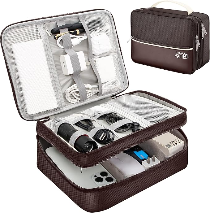 - DOUBLE LAYERS: The electronics bag is designed with 2 Layers interior compartment, the upper compartment can be used to organize Cable, Charger, Cellphone, Flash Drive, Earbuds, the lower compartment can store Adapter, Hard Drive, Power Bank, Tablet Computer. The front pocket provide a easier way to store your Cable, Cellphone or Power Bank.
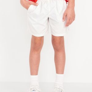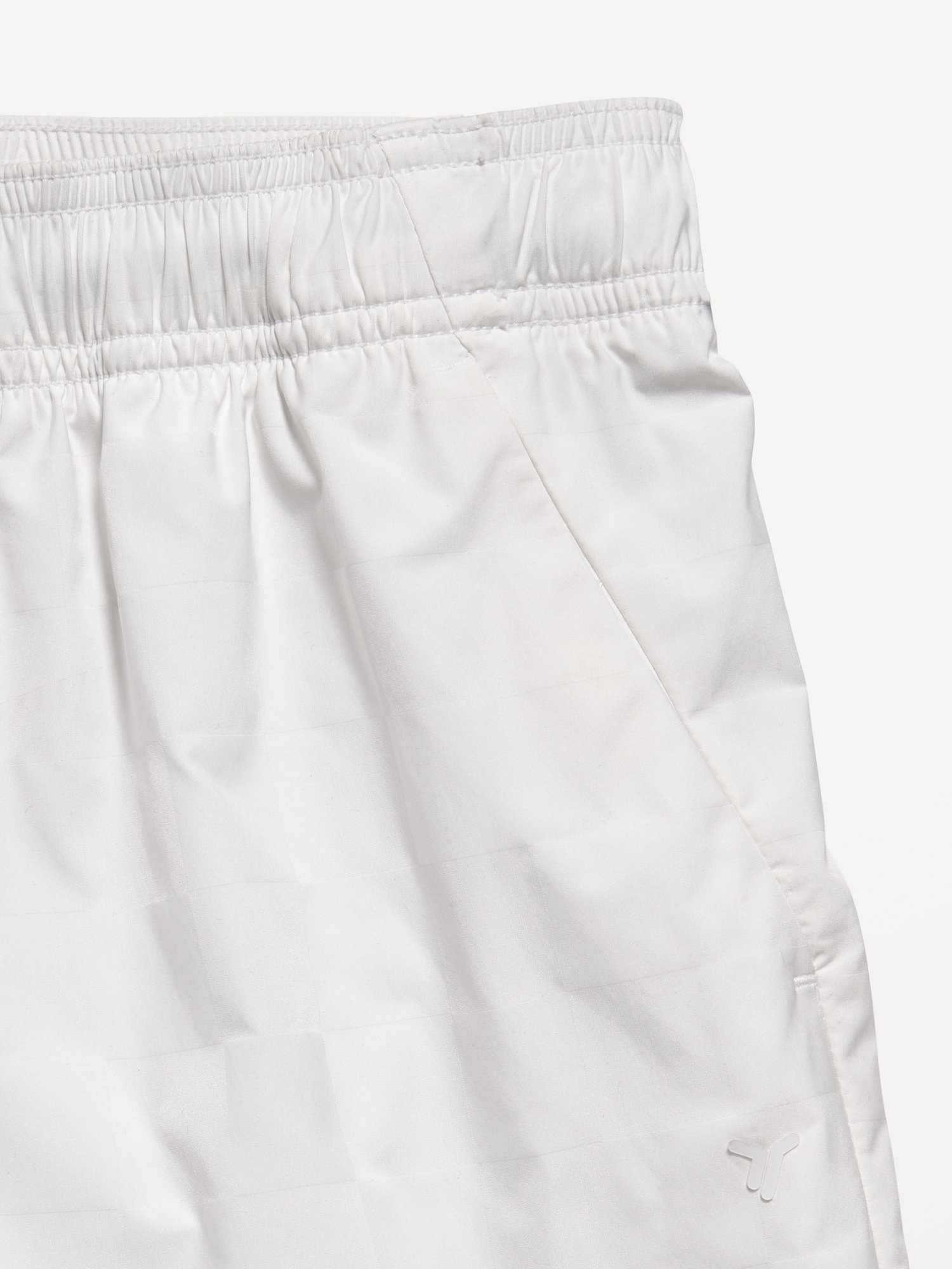 Above Knee Performance Shorts for Boys: elasticized waistband, functional drawstring, diagonal on-seam pockets, all-over checkered pattern, #762122
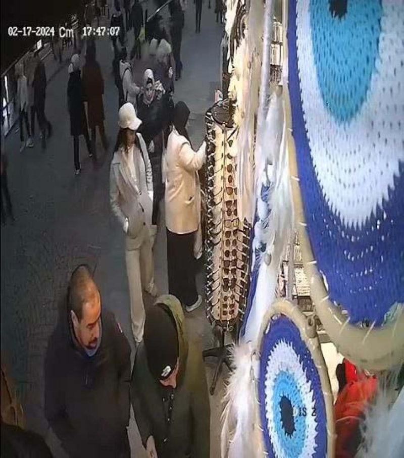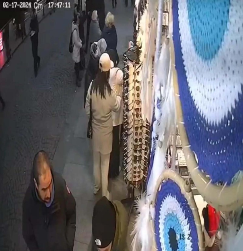 Hollanda'dan hafta sonu gezmek için İstanbul'a gelen Buket Buğday, bir hediyelik eşya mağazası önündeki eşyaları incelerken, 2 hırsızın dikkatini çekti.

----------------

» Task statement: All of the lines above should be copied exactly, apart from the pictures.

» Response box:
 - DOUBLE LAYERS: The electronics bag is designed with 2 Layers interior compartment, the upper compartment can be used to organize Cable, Charger, Cellphone, Flash Drive, Earbuds, the lower compartment can store Adapter, Hard Drive, Power Bank, Tablet Computer. The front pocket provide a easier way to store your Cable, Cellphone or Power Bank.
 Above Knee Performance Shorts for Boys: elasticized waistband, functional drawstring, diagonal on-seam pockets, all-over checkered pattern, #762122
 Hollanda'dan hafta sonu gezmek için İstanbul'a gelen Buket Buğday, bir hediyelik eşya mağazası önündeki eşyaları incelerken, 2 hırsızın dikkatini çekti.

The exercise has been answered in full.